Log-linear models: In Assignment 10, you found two useful predictors of heart attacks, and they were both categorical. This gives you a nice 3-dimensional table to analyze with log-linear modeling methods. To get the data into R, I suggest you not struggle with the raw data, which has missing values and could be a real pain with R. Instead, make a three-dimensional table with proc freq, and put it into R mannually. Find a good best model. For any model you fit, be able to decribe the model in bracket notation, and using language like "Television is associated with traffic accidents," and so on. When you test the model, be able to state the null hypothesis in symbols. Once you have the model you like most, be able to say what is going on in plain language, like "Those who watch a lot of Television have fewer traffic accidents."
Look at some 2-dimensional marginal tables. There certainly will be a 2x2 table. A lot of questions can be asked about a 2x2 table. Could you label the output as in Log-linear Part 2?
Logistic Regression with a 2-category outcome: With the heart data, consider models not just for heart attack (attack), but for presence versus absence of coronary heart disease (chd), and whether the person was alive 10 years later (alive). Potential predictor variables will be limited to age diastol cholest bmi smoker famhist educat.

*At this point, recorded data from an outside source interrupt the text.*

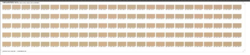 上图是根据RGB 240.180.120.的颜色打印出来的相邻的颜色。大家可以注意到, 这里的颜色定义不再是RGB, 而是CMYKOG (这是一台6色的设备)。在这里,系统通过略微调节每个通道的颜色,打印出大量的相邻色,从而帮助找到与客户实样最接近的色块, 并填入设计稿中来实现快速追色。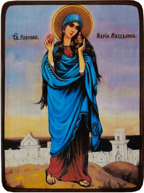 Икона Мария Магдалина на голубом фоне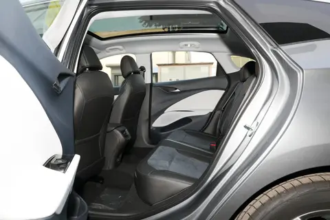 同一体验者来到后排,此时后排头部空间为4指,腿部空间余量为2拳2指,车内空间宽敞。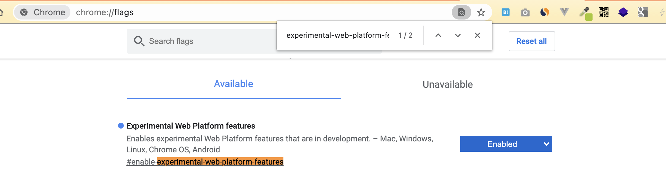 chrome://flags/にアドレスバーからアクセスしま、#experimental-web-platform-featuresのフラグをenableにしましょう。サーバー側、オリジンの申請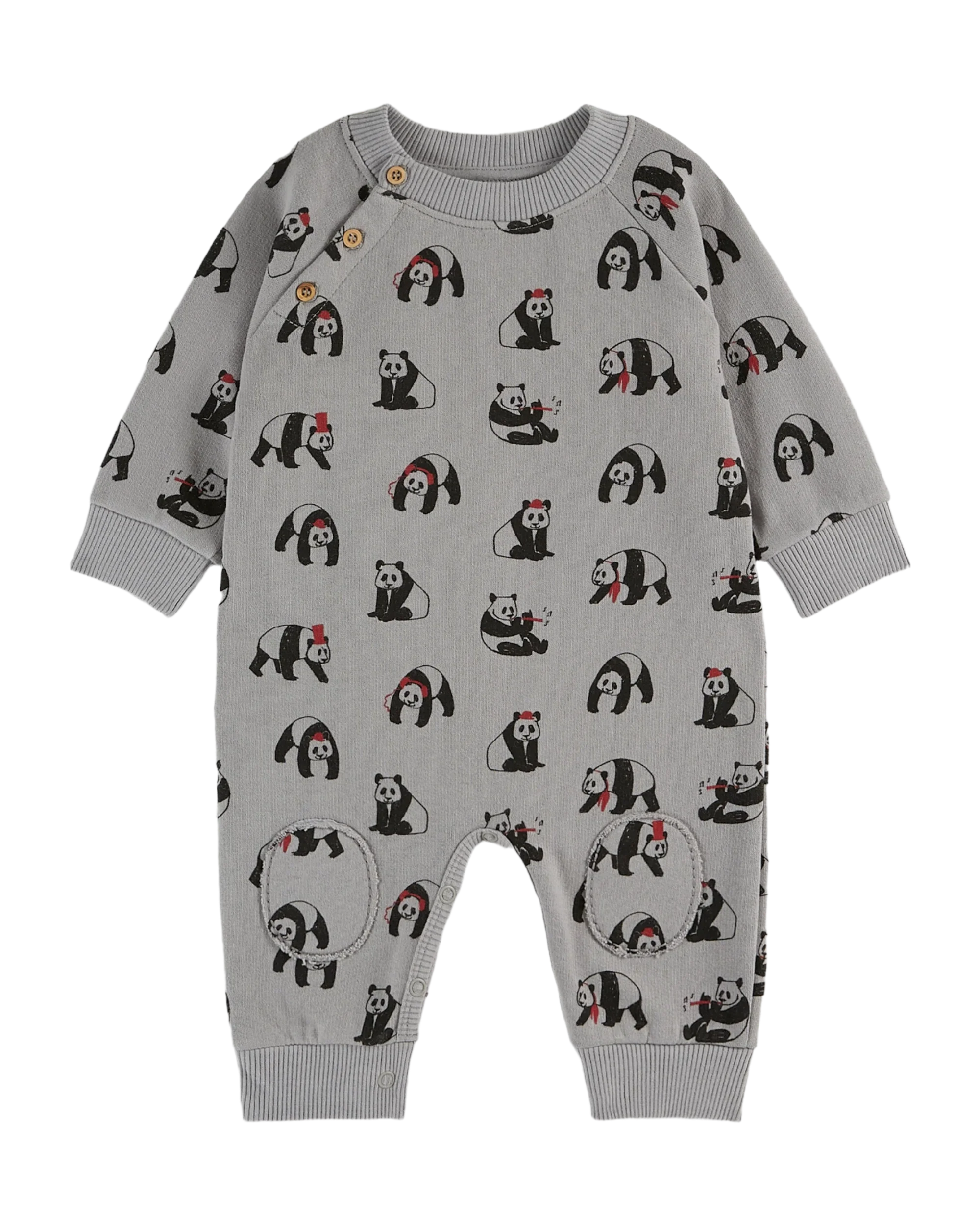 Combinaison en coton biologique molletonné et gratté gris sur lequel des pandas facétieux font les polissons. L’un joue de la flûte, un autre écoute de la musique quand un troisième se balade.

Logistic Regression where the outcome has more than 2 categories. The variable you will see is named outcome. Make a frequency distribution to see what it is. On the exam, the reference category will be "Alive 10 yrs later." Find a nice model. Again, the predictor variables will be limited to age diastol cholest bmi smoker famhist educat. Try generating some simple models too, and be sure you can estimates of quantities like . β₁₂ and so on. For all tests , be able to state the null hypothesis for all tests, in symbols, and bee able to state conclusions in plain, non-technical language. You will not see ordered categories on the final exam.

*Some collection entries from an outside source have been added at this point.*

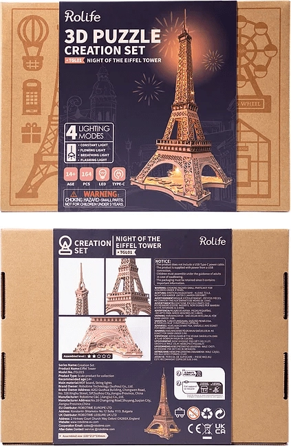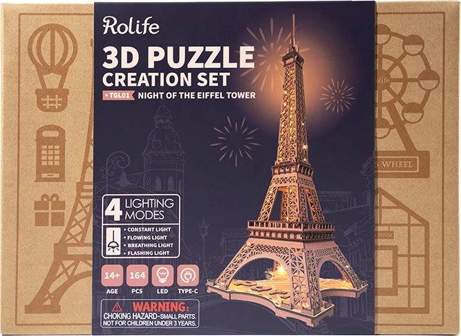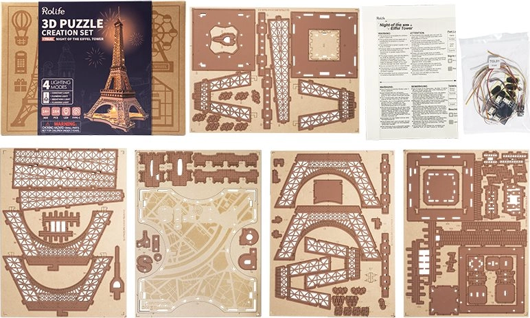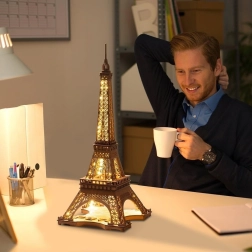 Descubre la magia de París en tu hogar. El modelo Rolife Noche de la Torre Eiffel captura fielmente la icónica arquitectura de celosía de 1889 y, gracias a los LED integrados, tras el montaje se convierte en una luz nocturna decorativa con una atmósfera suave y romántica. Las piezas de madera cortadas con láser encajan con precisión para un montaje sin complicaciones.
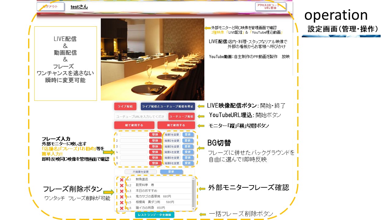 お店やクリエーターがカンタンにサイネージにライブ配信できるシステムです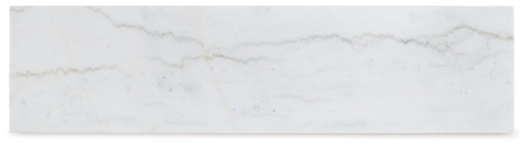 This sofa table is simple in design but big on style. Finished with a trend-right grayish brown wood tone, its bold, blocky profile and natural marble top are timeless classic choices that is ideal for pairing with an ottoman underneath to pull extra seating into the room or remaining clean and sleek on its own. Adding to its beauty, the marble top's color variations, fissures, mineral deposits and veining are naturally formed and are not defects.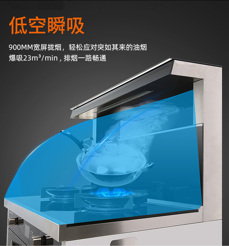 - 900MM寬屏攏煙,低空瞬吸,輕松搞定突如其來的油煙。

Here are a few more comments.

For any printout, be able to give parameter estimates. They are numbers from the printout. This shows you understand how the model is connected to what the software does.
Does the model fit adequately? Answer Yes or No.
Critical value. I may edit out the column of p-values sometimes.
It's always the 0.05 level, whether I say it explicitly or not. No tricks.
You may see some test statements in proc logistic. Be sure you can do and interpret it, even when the outcome has more than 2 categories.
You will not be asked to write any SAS or R code on the final.